* _Work to complete_: Among the records below, find the line with "但是,尽管九毛九交出靓丽成绩" and the line with "Include any notes". Set down both and every line between, exactly and with no pictures, but nothing else.

* _Record excerpts_:
★ ★ ★ ★

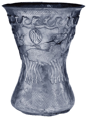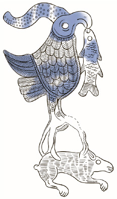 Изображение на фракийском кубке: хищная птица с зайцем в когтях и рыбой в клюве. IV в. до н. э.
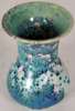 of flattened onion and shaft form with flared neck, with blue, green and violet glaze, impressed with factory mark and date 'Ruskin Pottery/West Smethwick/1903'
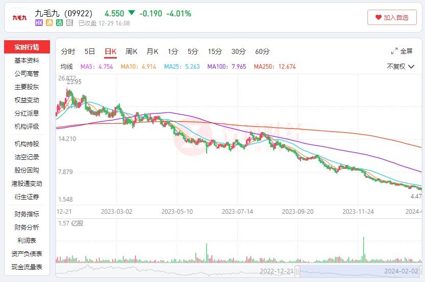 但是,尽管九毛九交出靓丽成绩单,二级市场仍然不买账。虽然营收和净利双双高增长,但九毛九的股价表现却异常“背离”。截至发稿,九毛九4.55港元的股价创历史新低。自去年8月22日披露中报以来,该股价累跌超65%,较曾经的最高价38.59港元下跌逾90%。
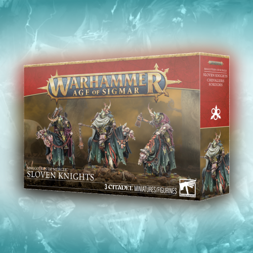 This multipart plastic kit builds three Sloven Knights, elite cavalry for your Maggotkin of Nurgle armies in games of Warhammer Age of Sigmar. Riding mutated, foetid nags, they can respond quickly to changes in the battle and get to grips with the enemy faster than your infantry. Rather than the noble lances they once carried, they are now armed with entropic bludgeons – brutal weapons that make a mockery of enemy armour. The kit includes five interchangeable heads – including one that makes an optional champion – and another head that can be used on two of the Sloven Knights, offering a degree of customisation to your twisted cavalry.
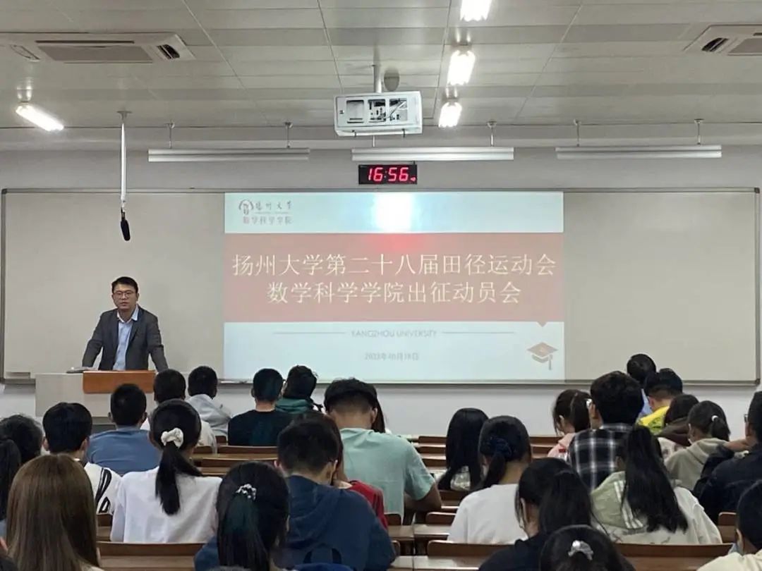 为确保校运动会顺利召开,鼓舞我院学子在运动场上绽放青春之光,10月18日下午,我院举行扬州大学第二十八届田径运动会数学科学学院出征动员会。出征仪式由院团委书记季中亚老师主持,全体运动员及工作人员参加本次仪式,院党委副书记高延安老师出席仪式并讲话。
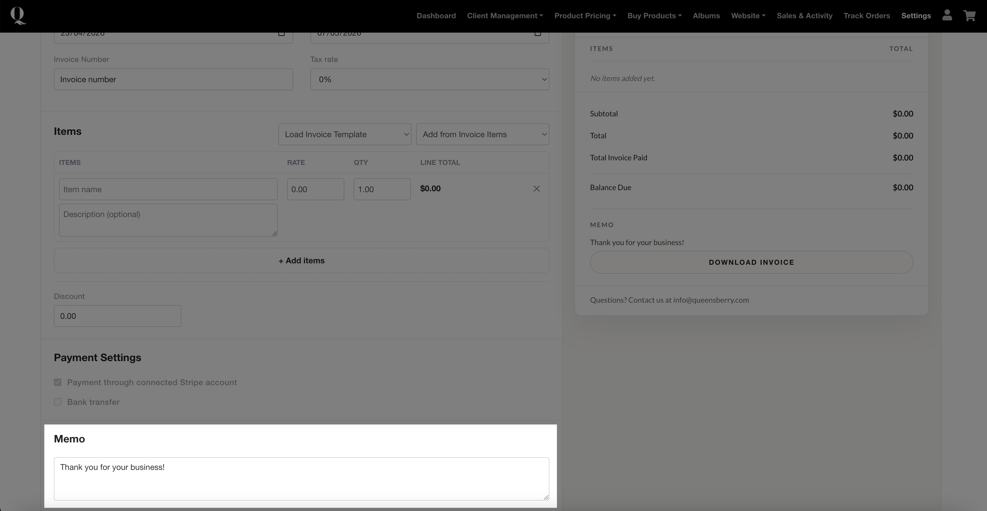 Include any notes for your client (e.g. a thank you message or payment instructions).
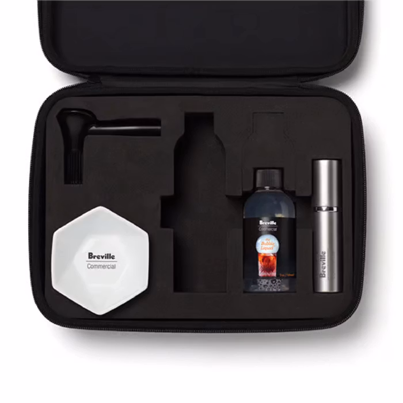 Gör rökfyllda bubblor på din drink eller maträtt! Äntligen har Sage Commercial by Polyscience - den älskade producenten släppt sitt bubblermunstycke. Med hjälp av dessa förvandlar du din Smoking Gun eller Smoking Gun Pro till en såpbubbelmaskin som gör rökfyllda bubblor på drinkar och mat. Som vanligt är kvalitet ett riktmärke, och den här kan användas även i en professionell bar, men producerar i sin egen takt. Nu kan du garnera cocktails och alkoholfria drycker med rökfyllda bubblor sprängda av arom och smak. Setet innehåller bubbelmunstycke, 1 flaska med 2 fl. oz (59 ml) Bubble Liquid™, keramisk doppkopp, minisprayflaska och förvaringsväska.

★ ★ ★ ★

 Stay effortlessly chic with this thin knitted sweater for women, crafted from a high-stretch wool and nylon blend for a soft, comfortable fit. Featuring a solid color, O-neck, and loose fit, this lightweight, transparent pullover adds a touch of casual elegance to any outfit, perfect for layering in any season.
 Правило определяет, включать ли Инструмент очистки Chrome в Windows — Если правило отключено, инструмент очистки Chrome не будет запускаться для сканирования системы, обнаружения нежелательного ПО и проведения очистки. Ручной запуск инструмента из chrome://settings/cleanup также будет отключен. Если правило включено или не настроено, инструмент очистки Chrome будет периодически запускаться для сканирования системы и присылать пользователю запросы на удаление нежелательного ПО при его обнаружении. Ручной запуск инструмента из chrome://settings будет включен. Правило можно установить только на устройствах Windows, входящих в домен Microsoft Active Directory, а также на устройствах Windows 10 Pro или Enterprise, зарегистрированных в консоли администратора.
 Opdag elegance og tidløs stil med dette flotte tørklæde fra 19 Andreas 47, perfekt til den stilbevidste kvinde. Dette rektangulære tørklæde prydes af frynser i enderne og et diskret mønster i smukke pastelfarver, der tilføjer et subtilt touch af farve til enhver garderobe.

★ ★ ★ ★

* _Solution to the exercise_:
 但是,尽管九毛九交出靓丽成绩单,二级市场仍然不买账。虽然营收和净利双双高增长,但九毛九的股价表现却异常“背离”。截至发稿,九毛九4.55港元的股价创历史新低。自去年8月22日披露中报以来,该股价累跌超65%,较曾经的最高价38.59港元下跌逾90%。
 This multipart plastic kit builds three Sloven Knights, elite cavalry for your Maggotkin of Nurgle armies in games of Warhammer Age of Sigmar. Riding mutated, foetid nags, they can respond quickly to changes in the battle and get to grips with the enemy faster than your infantry. Rather than the noble lances they once carried, they are now armed with entropic bludgeons – brutal weapons that make a mockery of enemy armour. The kit includes five interchangeable heads – including one that makes an optional champion – and another head that can be used on two of the Sloven Knights, offering a degree of customisation to your twisted cavalry.
 为确保校运动会顺利召开,鼓舞我院学子在运动场上绽放青春之光,10月18日下午,我院举行扬州大学第二十八届田径运动会数学科学学院出征动员会。出征仪式由院团委书记季中亚老师主持,全体运动员及工作人员参加本次仪式,院党委副书记高延安老师出席仪式并讲话。
 Include any notes for your client (e.g. a thank you message or payment instructions).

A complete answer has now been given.